Not all in a moment, he said.

He will require to grow accustomed to the sight of the upper world. And first he will see the shadows best, next the reflections of men and other objects in the water, and then the objects themselves; then he will gaze upon the light of the moon and the stars and the spangled heaven; and he will see the sky and the stars by night better than the sun or the light of the sun by day?

Certainly.

Last of he will be able to see the sun, and not mere reflections of him in the water, but he will see him in his own proper place, and not in another; and he will contemplate him as he is.

Certainly.

He will then proceed to argue that this is he who gives the season and the years, and is the guardian of all that is in the visible world, and in a certain way the cause of all things which he and his fellows have been accustomed to behold?

Clearly, he said, he would first see the sun and then reason about him.

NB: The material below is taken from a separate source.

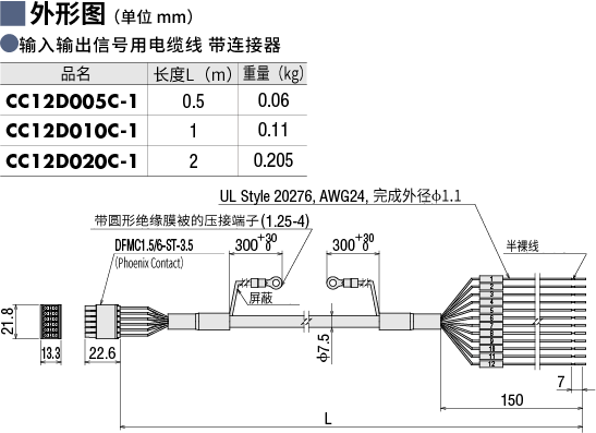 说明 | 便于连接驱动器与上位控制器的通用多芯电缆线。芯数:12芯 长度:0.5 m |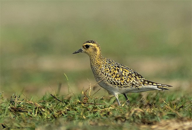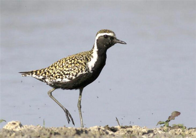 成鳥(繁殖羽):額基棕白,向兩側與白色眉紋相連;頭、后頸、背至尾上覆羽黑褐色,滿布金黃和淺棕白色點斑,尤以金黃色點斑為濃著;尾羽具黑褐與淡棕白色相間的橫斑;初級和次級飛羽黑褐色;翅上大覆羽黑褐色,羽端綴白;翅上小覆羽和三級飛羽與背同色;頸側的白色與眉紋貫通,并向下延伸至胸側;頰、頦、喉至下胸和腹部中央黑色;兩脅、肛周羽和尾下覆羽淡棕白色,具黑色及灰褐色雜斑;腋羽褐灰色,羽端綴白;翼下覆羽淺褐色。

And when he remembered his old habitation, and the wisdom of the den and his fellow-prisoners, do you not suppose that he would felicitate himself on the change, and pity them?

Certainly, he would.

And if they were in the habit of conferring honours among themselves on those who were quickest to observe the passing shadows and to remark which of them went before, and which followed after, and which were together; and who were therefore best able to draw conclusions as to the future, do you think that he would care for such honours and glories, or envy the possessors of them? Would he not say with Homer,

Better to be the poor servant of a poor master, and to endure anything, rather than think as they do and live after their manner?

Yes, he said, I think that he would rather suffer anything than entertain these false notions and live in this miserable manner.

Imagine once more, I said, such an one coming suddenly out of the sun to be replaced in his old situation; would he not be certain to have his eyes full of darkness?

To be sure, he said.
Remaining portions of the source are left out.